-- Records from a dataset --
-- Opening Marker --
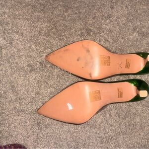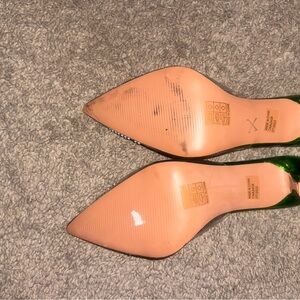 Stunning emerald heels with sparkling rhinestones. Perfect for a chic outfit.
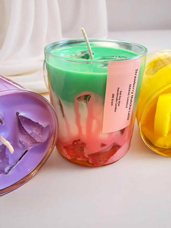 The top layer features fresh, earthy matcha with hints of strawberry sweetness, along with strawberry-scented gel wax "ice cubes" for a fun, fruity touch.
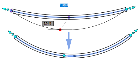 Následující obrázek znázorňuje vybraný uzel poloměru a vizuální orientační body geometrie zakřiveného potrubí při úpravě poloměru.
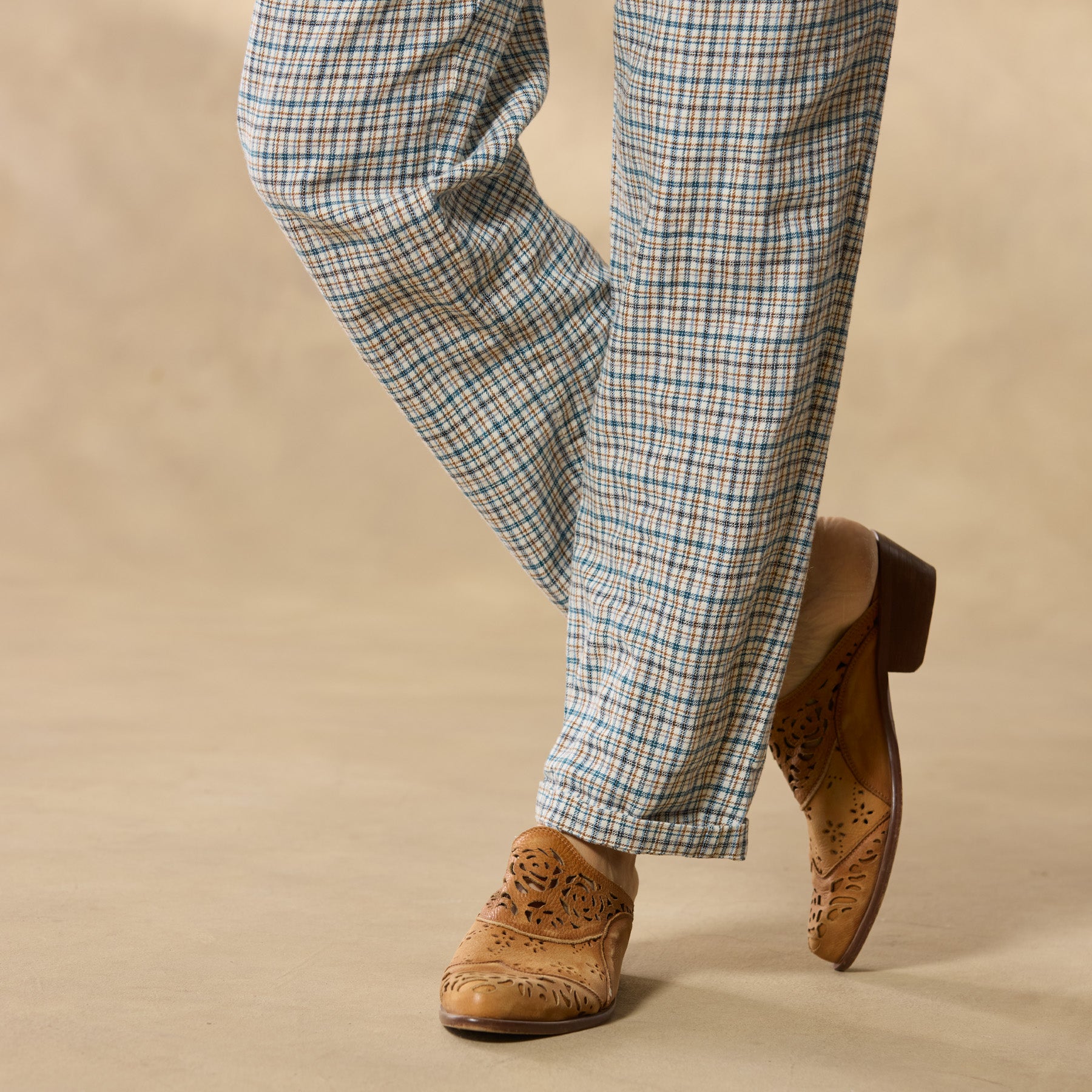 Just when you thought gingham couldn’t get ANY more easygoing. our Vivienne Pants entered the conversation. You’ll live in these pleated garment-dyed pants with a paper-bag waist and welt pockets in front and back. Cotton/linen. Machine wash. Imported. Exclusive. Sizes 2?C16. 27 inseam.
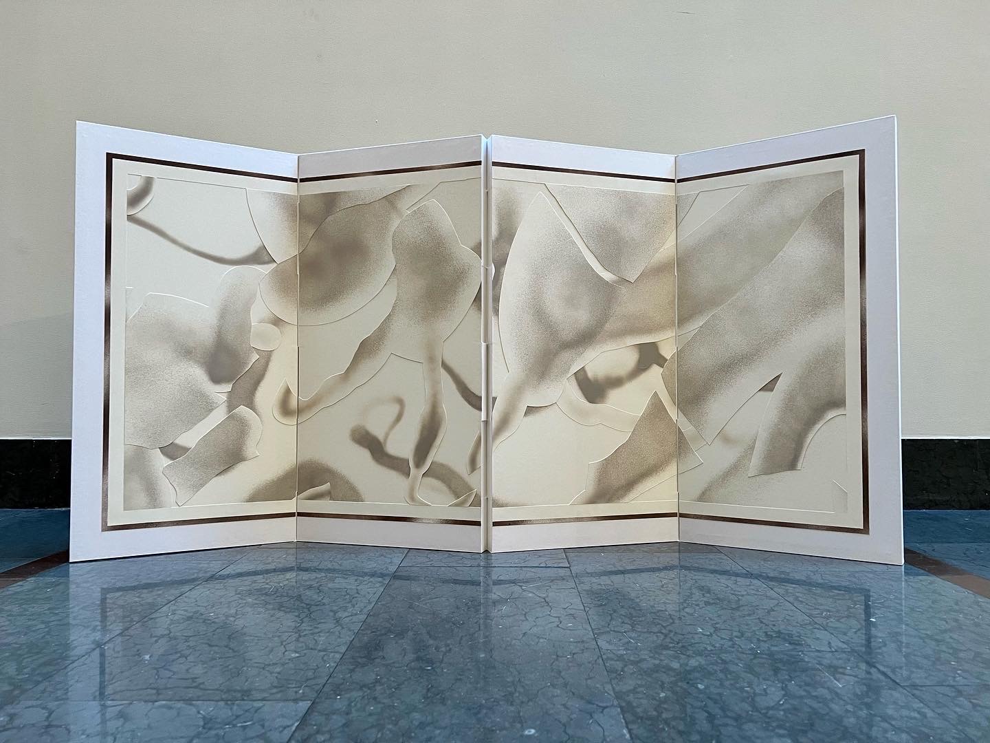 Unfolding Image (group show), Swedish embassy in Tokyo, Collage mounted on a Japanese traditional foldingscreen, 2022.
-- Closing Marker --
After dropping the pictures, reproduce exactly the lines from the first line of the entries through the line containing "The top layer", both included.

 Stunning emerald heels with sparkling rhinestones. Perfect for a chic outfit.
 The top layer features fresh, earthy matcha with hints of strawberry sweetness, along with strawberry-scented gel wax "ice cubes" for a fun, fruity touch.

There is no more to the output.